In order to adequately forecast compute capacity and financial expense, application developers must benchmark application performance. Three factors are important to consider when analyzing hardware performance: maximum throughput, acquisition cost and operating cost. Industry-standard benchmarks, such as those published by The Standard Performance Evaluation Corporation (SPEC) can be reasonable indicators of maximum throughput for certain workloads. At Facebook, we recognized these benchmarks wouldn’t necessarily represent our application behavior under real-world conditions and developed a proprietary analysis methodology. In this paper, we contrast the conventional wisdom of using industry-standard synthetic benchmarks as guidelines for assessing web application performance with organic traffic measurements performed in a controlled environment. To ensure relevant results, the test environment replicates application-specific architecture and is fed with organic and synthetic workloads. Our observations indicate there are meaningful variances between industry-standard benchmarks and real-world performance of highly scalable applications. This paper outlines the approach and results of testing our application stack on new micro-architectures during the summer of 2009.
Facebook’s technology stack consists of applications written in many languages, including PHP, C, C++, Erlang and others. For the purposes of this paper, we will focus on evaluating the performance of web nodes running PHP and C++ applications and memcache nodes running a C application.
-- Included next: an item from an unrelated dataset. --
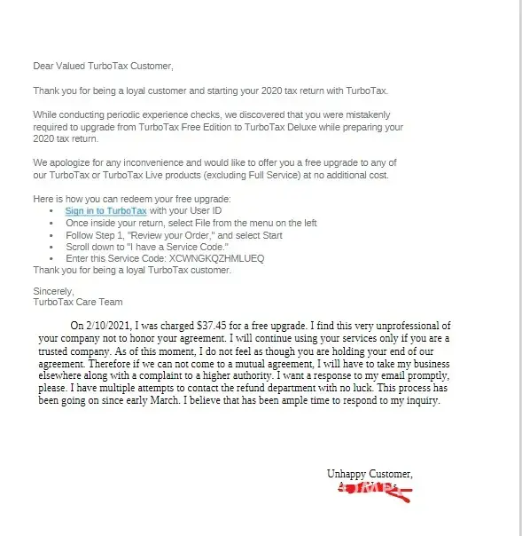 I have emailed several times, talked to a few agents, and filed four times for a refund! They will not address this issue! I have been a turbo tax customer since 2013. this year they sent me an email for a free upgrade being I was laid off due to covid and was forced to upgrade my filing status. they charged me anyway. I realize it may only be $37.00 and some odd cents, but that was the money they offered to not charge me. then did anyway. I find this to be rude and unprofessional. I will not be filing my tax with them again due to the lack of customer care.

In Facebook’s architecture, web nodes perform the majority of data aggregation and page rendering and are, consequently, the largest portion of our server footprint. Centralizing page rendering in web nodes is necessary to properly overlay social graph relationships and apply privacy constraints.
Test Methodology: Dyno – measuring capacity on the web tier
We named our capacity testing process “Dyno” after a dynamometer, a device which measures force or power. Dynos are commonly used to measure engine torque and power as a function of speed (RPM). When tuning a car’s engine for maximum performance, one dyno’s the car to establish a baseline, makes changes to the engine and then dyno’s again to measure the improvement. In our case, we’re observing request duration as a function of throughput or request rate. The request duration is the wall-time recorded in milliseconds to process a query. All requests made to the web nodes are dynamically generated, static content is served separately. A typical request may make hundreds of UDP calls to our memcache tier, a few TCP calls to databases, and possibly a TCP call to a specialized service such as search. If none of those services are overloaded then any increase in request duration as a function of request rate can be attributed to CPU or memory contention.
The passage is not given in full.